◆ THE TASK: Beginning at the line with "Barreira de estacionamento" in the records below, return each line up to and including the last, exactly as it stands, but not the pictures.

[Recorded data]
________________________________________
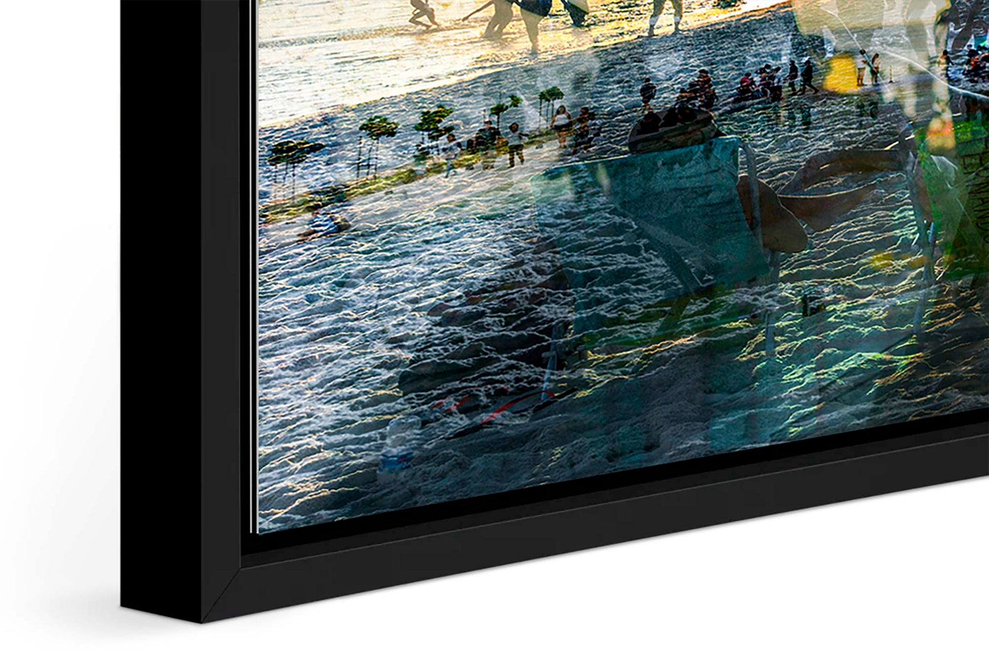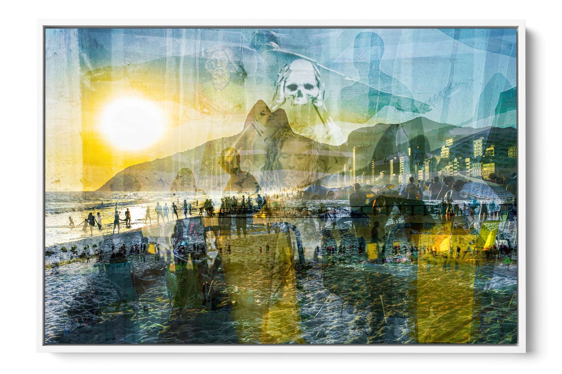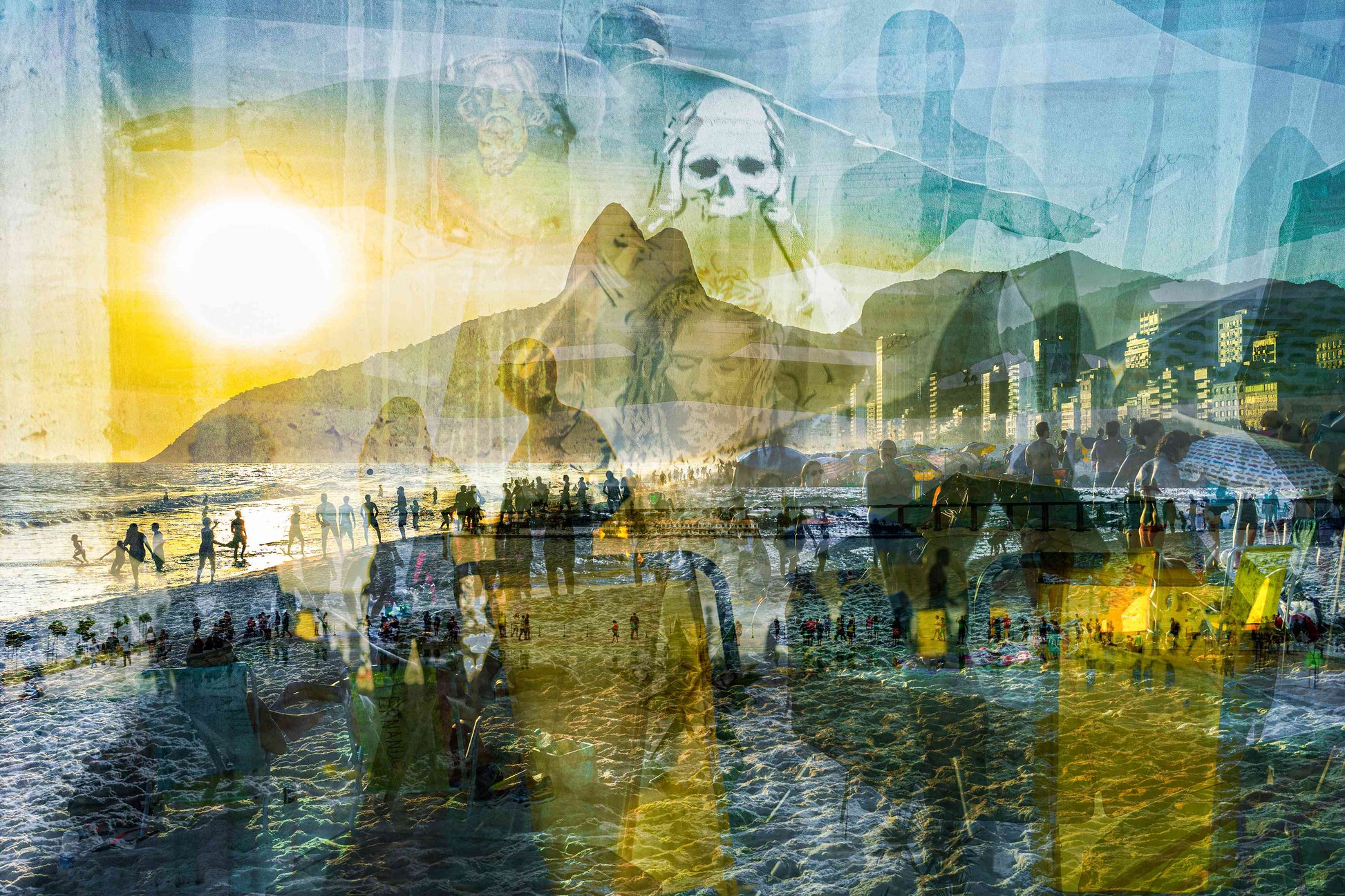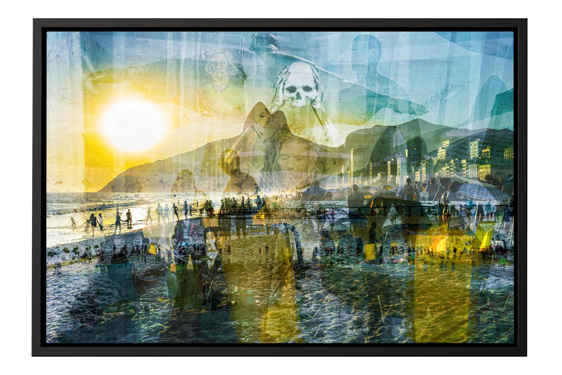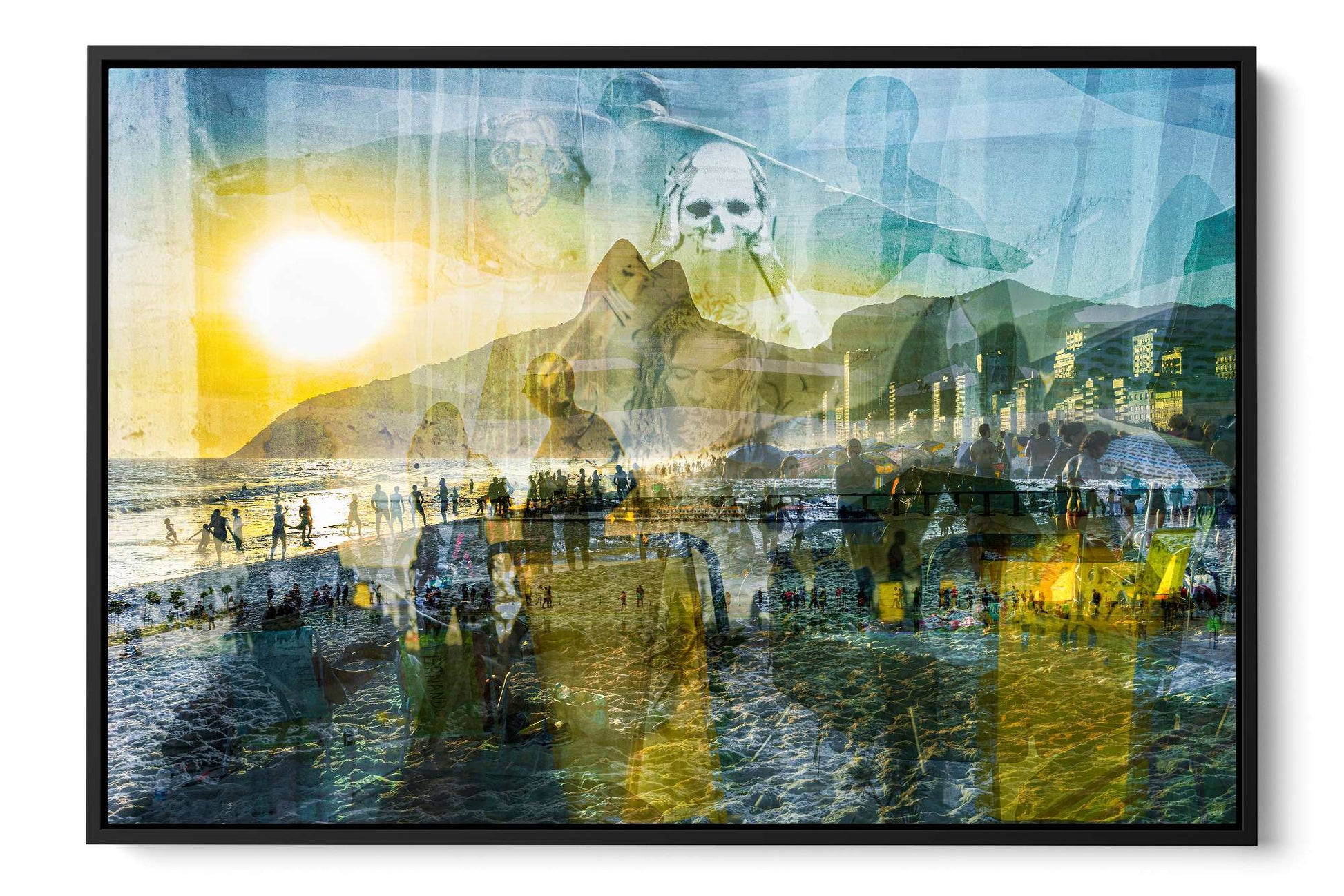 In Cidade Maravilhosa, Charlotte Fonne captures the spirit of Rio de Janeiro through a layered photographic exploration that blends reality and memory. The artwork evokes the energy of Ipanema Beach, with sunbathers, players of frescobol, and casual conversations bathed in the golden hour. The iconic Dois Irmãos mountains form the backdrop as Christ the Redeemer oversees the city. Unexpected details, like a skull mural from a quiet side street, tiny figures exploring the Museu do Amanhã, and São Judas Tadeu from a local church, add contemplative depth. This fine art photography print is a personal interpretation of Rio as an emotional topography where energy, light, and spirituality coexist.
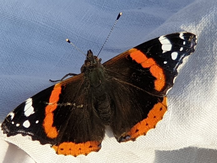 But there was a beautiful Red Admiral which liked the whiteness of Romilly’s dress:-
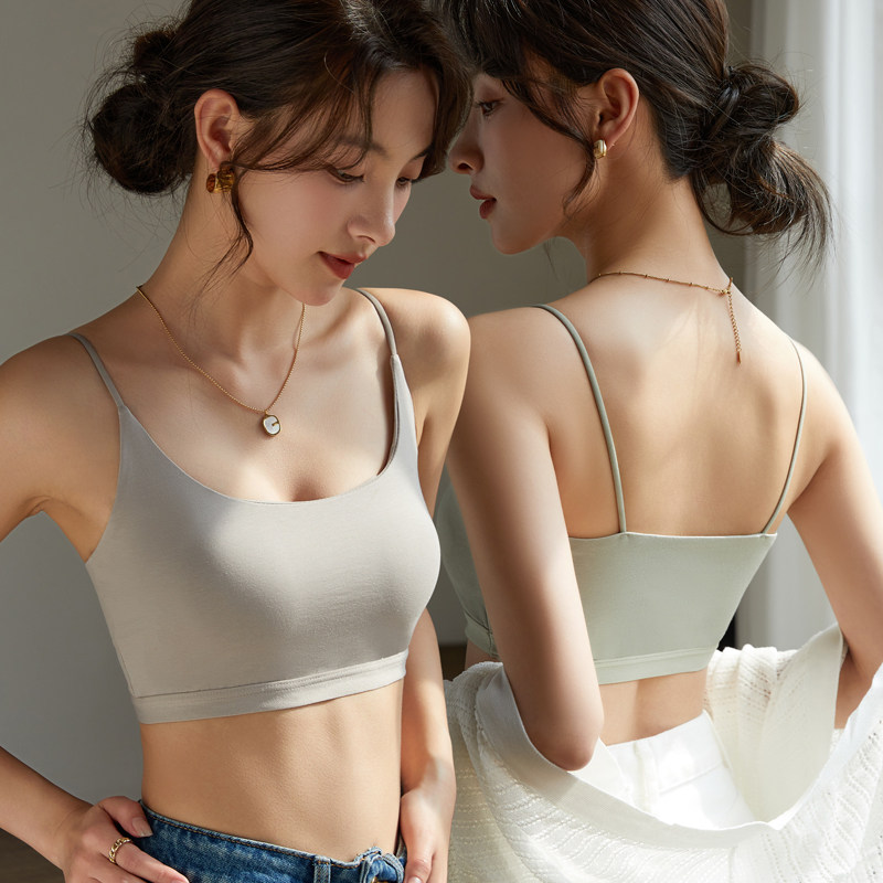 无钢圈女士吊带背心胸垫抹胸露背内衣一片式文胸中老年妈妈莫代尔
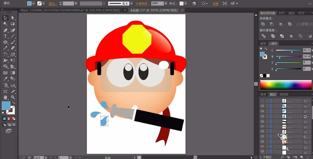 7、最后,我们画出水管的后面的部分的路径,我们用灰色与灰黑色搭配填充水管的路径,用钢笔画出水管出来的水滴,我们用蓝色填充水滴,完成工程师头像设计。
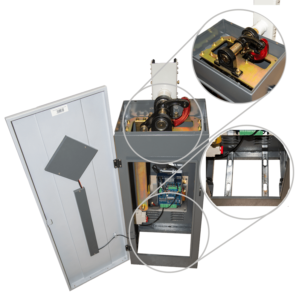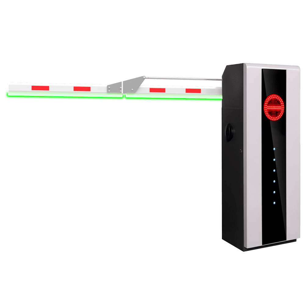 Barreira de estacionamento de alto desempenho – Braço angular em 90º (3 m) – Abertura à direita | 10.000.000 ciclos – Indicadores LED | Modo de emergência – Possibilidade de bateria de backup – Apta para Exterior IP54
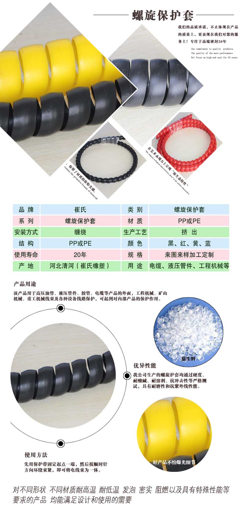 螺旋保護套為螺旋狀,具有很好的彈力、拉伸力,可以對液壓膠管、電線、電纜等內部產品起到很好的束縛作用。目前國內采用的原材料為聚丙烯(PP)、聚乙烯(PE)或尼龍(PA),使產品具有很好的耐磨作用。此外,螺旋保護套還具有良好的耐高低溫、耐油、抗紫外線、抗靜電、抗沖擊、抗拉伸等性能。
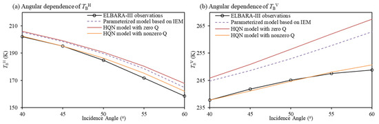 Angular dependence of ELBARA-III observations and corresponding simulations produced by the h-Q-N model with/without a zero Q value as well as the parameterized model developed by Shi et al. [57] based on the IEM simulations. The figure is modified from Wu and Zheng [57].
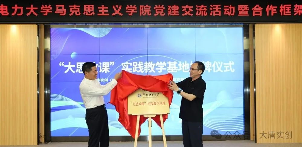 雷信生和王伟共同为“大思政课”实践教学基地揭牌。未来,我院将与大唐实创本着“友好合作、互惠互利、优势互补、共同发展”的原则,围绕党建共建、课题研究、教育教学、人才培养、师资培育、资源共享等方面的需求,依托优势资源和合作平台,开展全方位、多样化的校企合作,全面推进“大思政课”建设,推动合作框架下的思想同行与跨界互通,实现双方共赢发展。
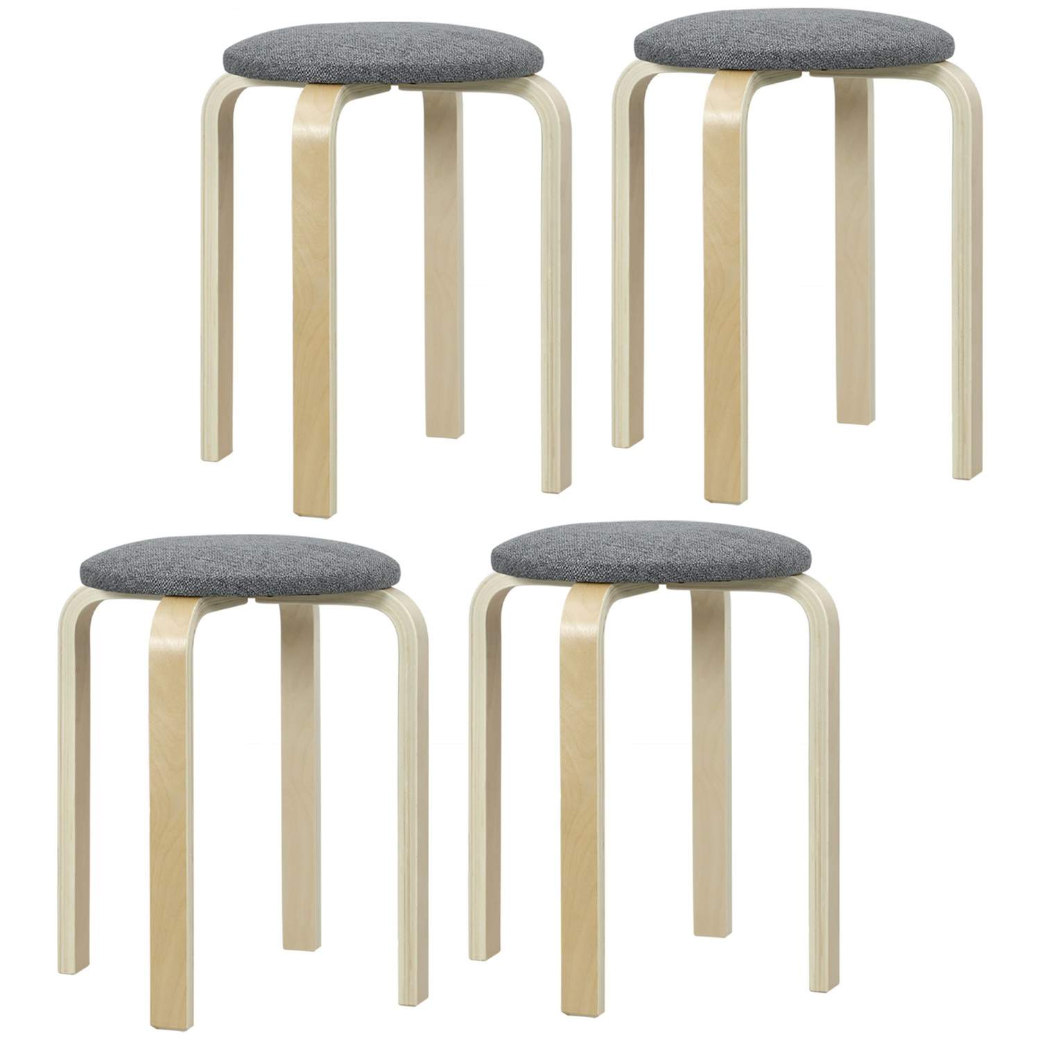 Sett med 4 stabelbare polstrede krakker, lakkert overflate, treben, grå
________________________________________
◆ RESULT FOR THIS EXERCISE:
 Barreira de estacionamento de alto desempenho – Braço angular em 90º (3 m) – Abertura à direita | 10.000.000 ciclos – Indicadores LED | Modo de emergência – Possibilidade de bateria de backup – Apta para Exterior IP54
 螺旋保護套為螺旋狀,具有很好的彈力、拉伸力,可以對液壓膠管、電線、電纜等內部產品起到很好的束縛作用。目前國內采用的原材料為聚丙烯(PP)、聚乙烯(PE)或尼龍(PA),使產品具有很好的耐磨作用。此外,螺旋保護套還具有良好的耐高低溫、耐油、抗紫外線、抗靜電、抗沖擊、抗拉伸等性能。
 Angular dependence of ELBARA-III observations and corresponding simulations produced by the h-Q-N model with/without a zero Q value as well as the parameterized model developed by Shi et al. [57] based on the IEM simulations. The figure is modified from Wu and Zheng [57].
 雷信生和王伟共同为“大思政课”实践教学基地揭牌。未来,我院将与大唐实创本着“友好合作、互惠互利、优势互补、共同发展”的原则,围绕党建共建、课题研究、教育教学、人才培养、师资培育、资源共享等方面的需求,依托优势资源和合作平台,开展全方位、多样化的校企合作,全面推进“大思政课”建设,推动合作框架下的思想同行与跨界互通,实现双方共赢发展。
 Sett med 4 stabelbare polstrede krakker, lakkert overflate, treben, grå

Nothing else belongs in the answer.